Because it winnows down the genes that are confirmed, the system also avoids one of the current headaches of whole-genome sequencing, namely, what to do with incidental findings. (See BioWorld Insight, Oct. 1, 2012.)

"It is now feasible to decode an entire genome and provide interim results back to the physician in two days. We think this is going to transform the world of neonatology," Kingsmore told reporters. "Up until now, they have really had to practice medicine blindfolded."

The authors used a high-speed sequencing method by Illumina Inc. to sequence the whole genome of critically ill infants. Such sequencing takes about 25 hours – but usually, expert analysis of candidate genes, which needs to be done one at a time, takes weeks.

The team winnowed down the number of genes that needed expert review through using what they called symptom- and sign-assisted genome analysis (SSAGA).
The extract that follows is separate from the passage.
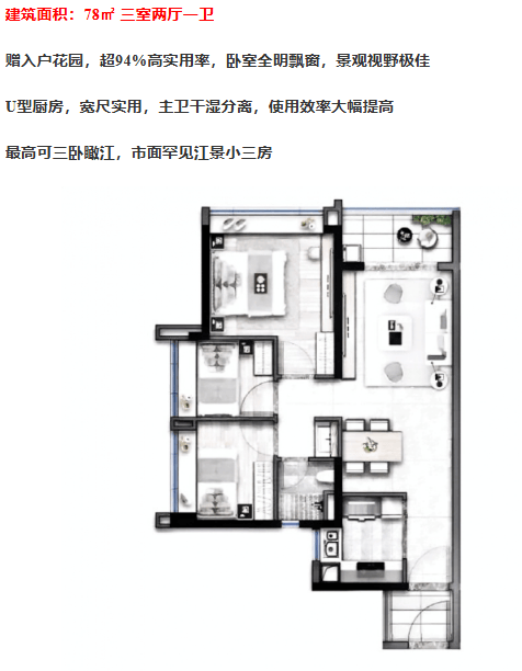 78㎡三室两厅一卫:赠入户花园,超 94% 高实用率,卧室全明飘窗,U 型厨房,主卫干湿分离,最高可三卧瞰江。

When physicians enter symptoms into the SSAGA program, it spits out the genes that could be mutated to produce those symptoms. While any one symptom is usually consistent with mutations in many diseases, the overlap between several symptoms can winnow down the number of genes that need to be reviewed individually. For example, one patient had low muscle tone, developmental regression and leukodystrophy, or problems with the myelin sheath that insulates neurons. While 352 genes are currently known to be possible causes of one of those three symptoms, only nine genes are potentially a cause of all three.
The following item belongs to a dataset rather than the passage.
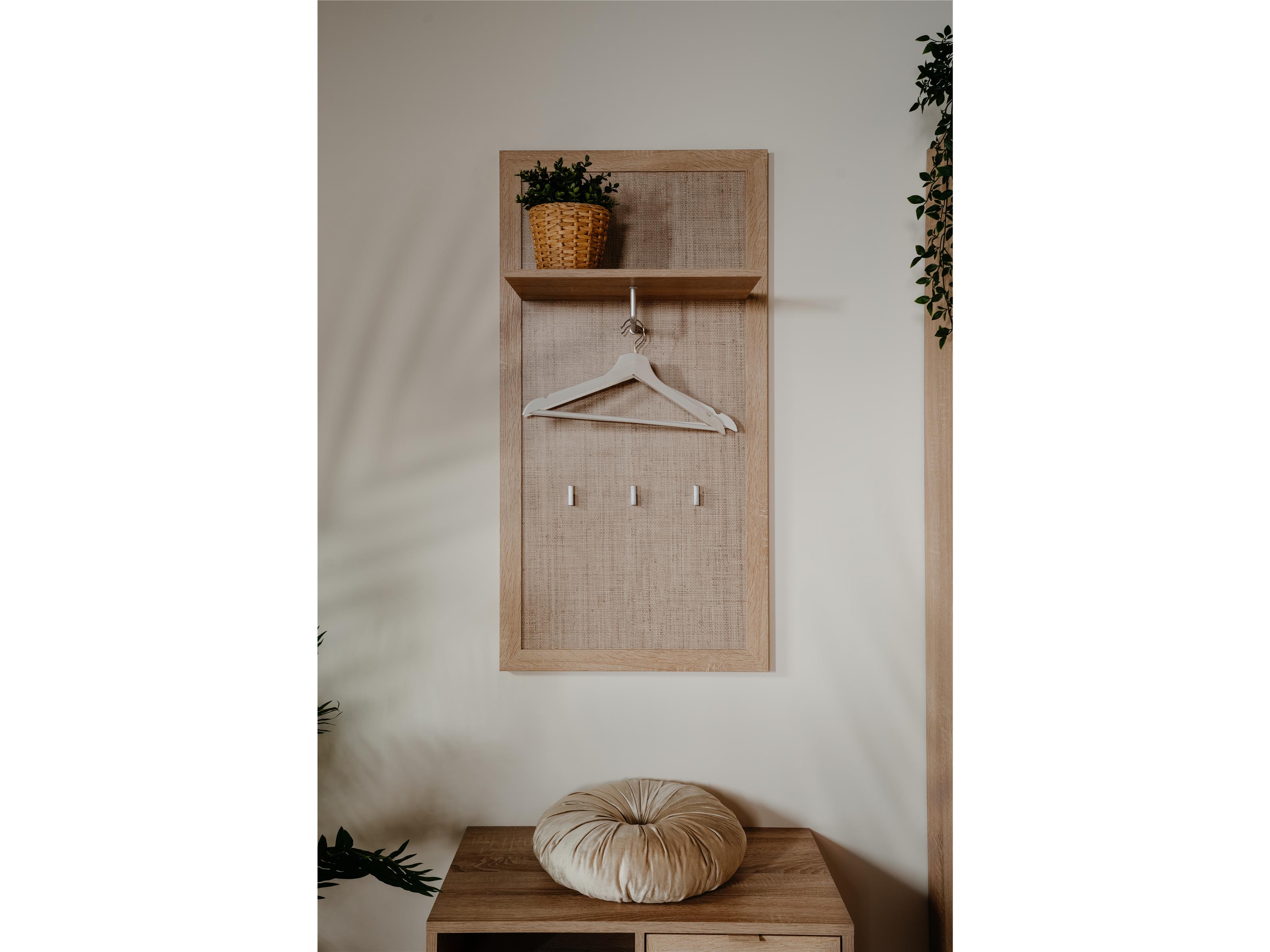 Mit einem Ablageboden, einer Kleiderstange und Haken (Anzahl Haken laut Angabe: 3) bietet das Paneel Platz zum Aufhängen und Ablegen von Jacken, Taschen oder Accessoires. Der Wohnstil ist bewusst skandinavisch gehalten und setzt auf helle, freundliche Dekore, die den Eingangsbereich optisch aufwerten.

The hope offered by the new approach, it should be noted, often ends up being the sort of grim, tattered hope that is typically available to the survivors of natural disasters. To wit: each of the seven babies whose genome was analyzed for the study is now dead.

That is not itself surprising for a research study on severe and rapidly progressing diseases. But the larger statistics of fatal genetic disorders are themselves sobering.

Causal genes have been identified for roughly half of the estimated 7,000 known single-gene disorders. And some form of treatment exists for about 500 of those 3,500, and fewer than 100 of those offer a markedly better prognosis with early treatment.

Kingsmore said, however, that the benefits of a definite diagnosis are not confined exclusively to those babies where that diagnosis comes with a treatment.

Such a diagnosis, he said, "still can have tremendous benefits" for a family.

Some of those benefits lie in what it allows them to avoid. A diagnosis, even as it ends hope, also means no endless search for an answer. And "it allows the families to make deliberate decisions" on how long and how intensively treatment should continue.

Sometimes, such a diagnosis allows babies to be moved out of the ICU, "to a regular bed, where there can be some bonding with the mother, and where the family can grieve and say goodbyes. . . . One of the biggest surprises to me was that families we give a diagnosis to where there is no treatment are often phenomenally grateful."